In 2005, when Camper Van Beethoven’s gear was stolen on tour, Jason Molina ran into David Lowery and offered to lend him some of Magnolia Electric Co.’s equipment. They became friends and, later that year, met in Richmond, Virginia to record some new songs Jason had in the works. Before he could finish, Molina’s mother suffered a stroke. He completed what he could and returned in 2006 to finish Black Ram, one of the four recordings that finally surfaced as part of 2007’s Sojourner boxed set. Backed by musicians not in the touring Magnolia lineup, it’s one of the darkest and most distinct albums Molina ever released—closer to his Songs: Ohia days in spirit and tone, and overflowing with some of his best writing.
Secretly Canadian and Magnolia Electric Co. had a difficult choice to make in 2006. I’m still not sure they made the right one. Jason Molina and company had recorded three albums and two EPs worth of new music in about the span of a year. Faced with so much music, Secretly Canadian inexplicably froze up. Much of what was recorded would appear on the Sojourner box a year later, but at the time they felt they couldn’t release everything at once. Instead, they put out a Jason Molina solo record, assembled Fading Trails from songs found on each of the four Sojourner CDs, and quickly followed everything up with a tour.
I still like Fading Trails, but after hearing Black Ram for the first time, I couldn’t understand why it wasn’t released instead. Had it not been tucked away in an intimidating box set of all new recordings, it might have received the attention it deserves, being one of Molina’s best albums. Maybe Jason wanted to focus on the touring Magnolia band instead, or maybe Secretly Canadian planned on releasing Black Ram later. Either way, it half disappeared into the monolith of Sojourner and the fruits of Molina’s tireless work ethic. Let Me Go, Let Me Go, Let Me Go kept me occupied for a long time, and before I could absorb everything on Sojourner, Josephine was on the way with the Molina and Johnson record not far behind.
A couple interviews in 2006 hinted at how special Black Ram was to Jason. In a Q&A on the official Magnolia site, he listed it among his best albums, calling it a concept record about a ghost. In a Chicago Reader interview from that same year he referred to it as “high-impact” and strongly emotional. There’s no doubt it’s a haunted record. That clue about the ghost concept won’t solve any of Jason’s many lyrical puzzles, but it does clarify his mindset. Lyrically, Black Ram is populated with images of death, dark riders, and an ancient landscape populated by mysterious and dangerous spirits.

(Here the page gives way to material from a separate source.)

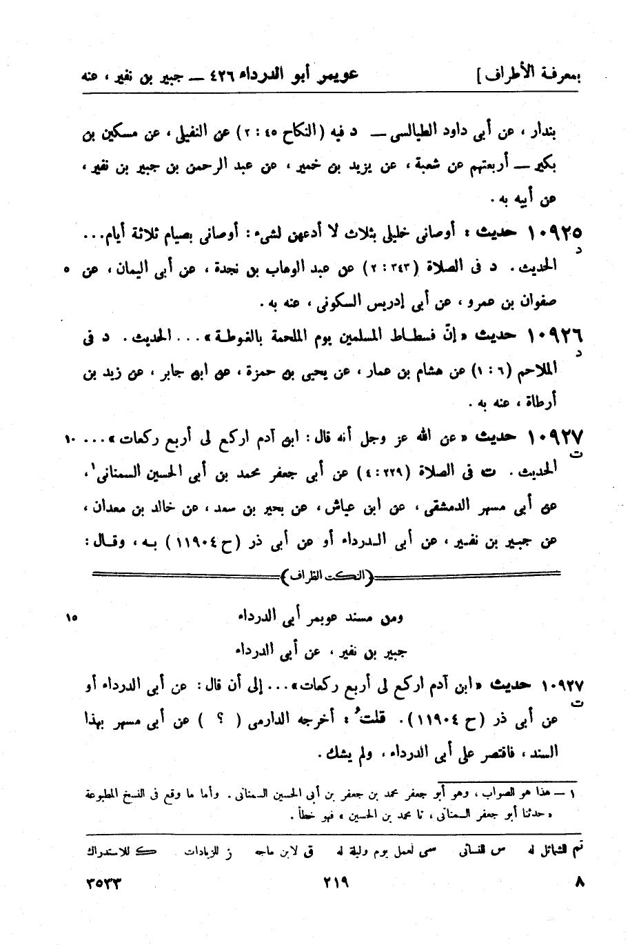 10926 -[د] حديث إنّ فسطاط المسلمين يوم الملحمة بالغوطة ... الحديث. د في الملاحم (6: 1) عن هشام بن عمار، عن يحيى بن حمزة، عن ابن جابر، عن زيد بن أرطاة , عنه به.

It opens with “In the Human World,” invoking the “mountains of the dead” and a despair that is better heard than described. It follows with “Black Ram,” a song built up from apocalyptic dream images and magic rituals, and from glimpses of ghostly worlds that reside just at the edge of perception. There’s a lot of remembering and yearning, and ruthless self examination that admits guilt and holds on to hope and forgiveness with the same trembling breath—just listen to “What’s Broken Becomes Better” or “Kanawha”; Jason fits it all into tightly written, tersely performed four minute songs that hit as hard as anything on Didn’t It Rain or Magnolia Electric Co.

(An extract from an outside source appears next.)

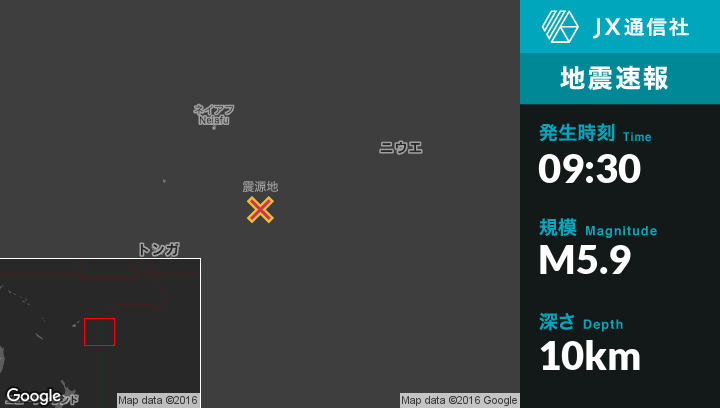 | 震源地 | トンガのPangaiから東南東152kmの地点 |

The subject matter gets so heavy and personal that the album sounds like a journey through the underworld in places, especially on the title track and “Will-o-the-Wisp,” two of its most intense songs. Two of Jason’s best from Fading Trails—”A Little at a Time” and “The Old Horizon”—are here too, sounding better and more natural alongside their proper brethren, which were all recorded with Miguel Urbiztondo behind the drums and on Harmonium, with David Lowery on bass, and with Alan Weatherhead responsible for guitar, pedal steel, Mellotron, and engineering duties. Filmmaker Rick Alverson, Andrew Bird, and the mysterious Molly Blackbird also lend a hand.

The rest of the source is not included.